J’ai appris aussi à cette époque que le facteur laissait son courrier à la ferme et avait signalé que sa retraite faisait retour à sa caisse, car il n’allait pas à la poste la retirer. Mme R. avait insisté et obtenu qu’il accepte d’être conduit à la poste lorsqu’il recevait son avis…Seulement, un jour, le receveur a avisé Mme R. que cela était inutile : pendant qu’elle attendait dans sa voiture, il entrait à la poste un moment et ressortait sans réclamer son dû! Il ne voulait plus rien de la société : « Ermite…ermite, on se suffit à soi-même ! ».

En dehors de son caractère « bien trempé », je n’ai jamais vu notre homme ivre et j’étais moi-même surprise de le trouver assez propre en vivant dans un tel dénuement. A l’époque je soignais quatre personnes qui vivaient sans eau courante ni électricité, dans des cabanons de jardin, une dans un car où je devais chasser les poules de la table pour me faire une place de « travail ».
De tous ma plus grande estime allait à M. Tauleigne, le plus isolé et le plus solitaire, le plus autonome, et le plus proche de la nature. Sa façon de vivre n’était pas subie comme les autres, mais choisie.
Je voyais aussi souvent M. R. qui vivait dans un cabanon vers l’ancienne route de Saint-Paul, et qui était lui aussi un sacré personnage, mais avec lui on parlait surtout de Barry !
Mais revenons à M. Tauleigne !
Il est décédé en janvier 1976, et ses dernières années de vie ont été un peu difficiles à cause de l’âge et de ses conditions de vie, même si quelques voisins lui venaient en aide. Les chèvres se sont rapprochées des fermes pour se faire traire, la poussée du lait les faisant souffrir. Le bouc est parti dans la montagne. Les habitués de Barry pensent que c’était lui que l’on voyait encore sur le massif il y a quelques années, très vieux, mais toujours indépendant et fier. Et il valait mieux ne pas l’ennuyer !
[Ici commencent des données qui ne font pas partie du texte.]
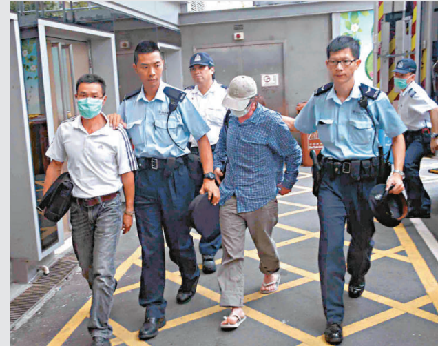
▲報稱受傷的裝修工人被送院
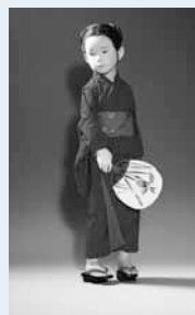
あたえ 勇輝「かきつばた」(1997年) →

神仏の像、人形、フィギュアなどの立体造形や彫刻芸術の展覧会。作品に込められた思いなどを紹介します。
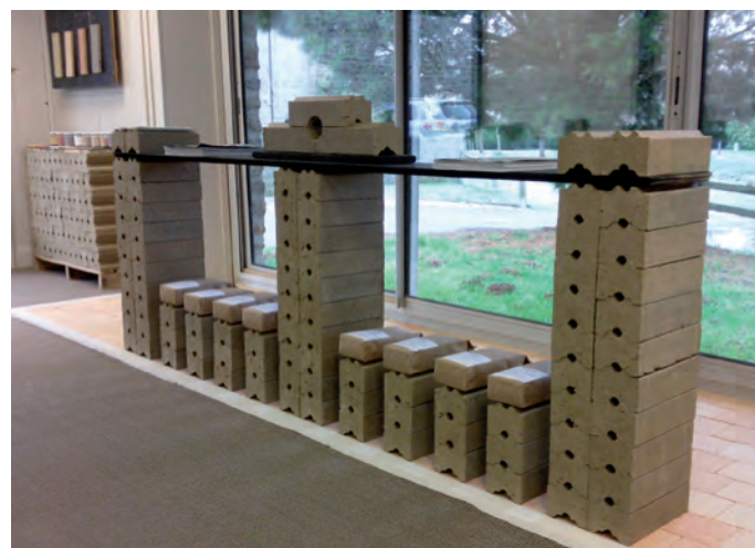
Société Josse France, présentation de l'Argibrique

Les 19 et 20 juin, un autre atelier innovation s'est déroulé chez JOSSE France. Il s'agissait du lancement de l'Argibrique, une brique de cloisonnement à inertie thermique, exclusivement constituée d'argile brute et classée dans les familles des MEP (matériau à énergie passive), Argibrique fait office de climatiseur naturel. La présentation de l'Argibrique a été accompagnée d'une rétrospective des réalisations de carrelages peints à la main de la maison Josse, ainsi que la visite de l'usine de fabrication située à Plancoët.
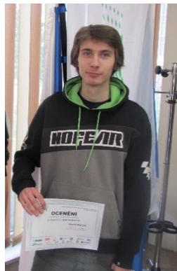
Soutěž „O zlatou kuklu společnosti SIAD“ v Mostě

Instalatérská profese si žádá další odborné znalosti a dovednosti, ke kterým jistě patří svařování. Také v této oblasti se daří organizovat svařečské kursy . Ve druhém ročníku to je kurs na svařování plastů, v ročníku třetím kurs plamenového svařování, včetně zaškolení na pájení měděných trubek a tvarovek. Finančně se na kursu podílí škola, Sdružení rodičů a pak také žáci, či jejich zákonní zástupci.
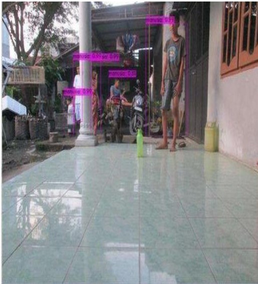
Gambar 11. YOLO Mendeteksi Lima Objek Manusia

Pada gambar di atas YOLO dapat mendeteksi lima objek manusia pada posisi berdiri, duduk dan berbagai tinggi dengan nilai mean average precision (mAP) masing- masing 0,81 dan lainnya 0,99 yang ditandai dengan berhasilnya YOLO membentuk bounding box warna merah pada lima objek manusia tersebut.
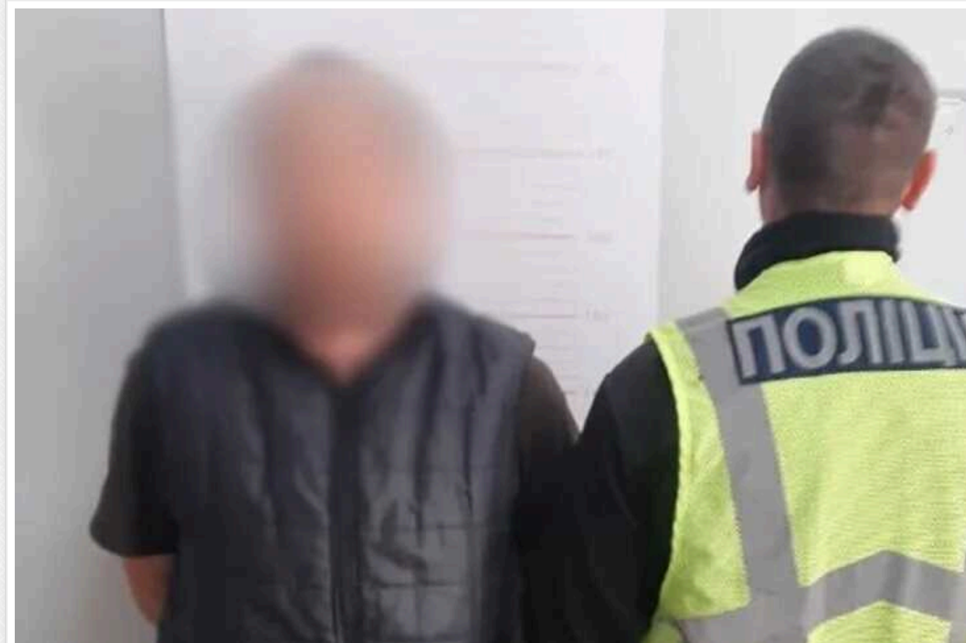
У столиці судитимуть чоловіка, який під час сварки вбив гостя: вдарив ножом у спину

У Києві судитимуть чоловіка, який під час конфлікту вдарив свого гостя кухонним ножом у спину. Від отриманого поранення потерпілий помер на місці події.
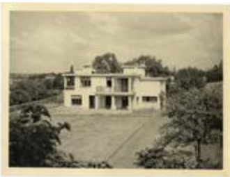
Fonds Duesberg Albert-Charles (1_DUEAC)
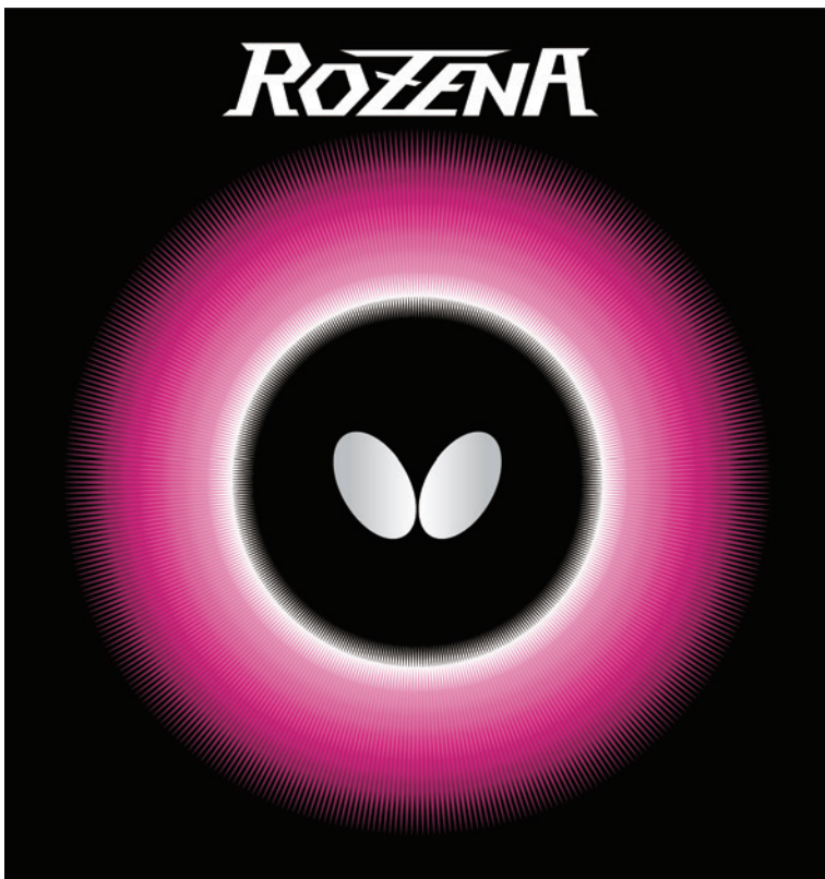
ROZENA《ロゼナ》のパッケージ

ITTFの公認は4月1日付となる予定です。製品に関してのより詳しい情報は、4月初旬よりホームページなどで順次公開いたします。

Qu’est devenue la grotte ? J’y suis remonté de nombreuses fois, toujours avec plaisir.
Elle a été abandonnée, mais aussi vandalisée pendant plusieurs années. Certains ont pensé que comme il ne dépensait pas il avait certainement caché beaucoup d’argent : sommier éventré, murs démontés, puits curé… Bien sûr, vous le savez, il n’y a jamais eu de magot, mais les dégâts sont là, la grotte toujours aussi belle, mais dangereusement dégradée par le temps et les intempéries…
Voici la fin de l’histoire de Joachim TAULEIGNE et de sa grotte…

Jacqueline DUMARCHER – Novembre 2019

POST SCRIPTUM de BARRY-AERIA :
Merci pour ce témoignage. Cette grotte est effectivement très belle, creusée dans une zone sans éboulement, face au Ventoux. Elle fait partie de ces « petits patrimoines remarquables » souvent oubliés et nous avons bien envie de la sauver afin de conserver la mémoire de ce lieu et de son dernier habitant.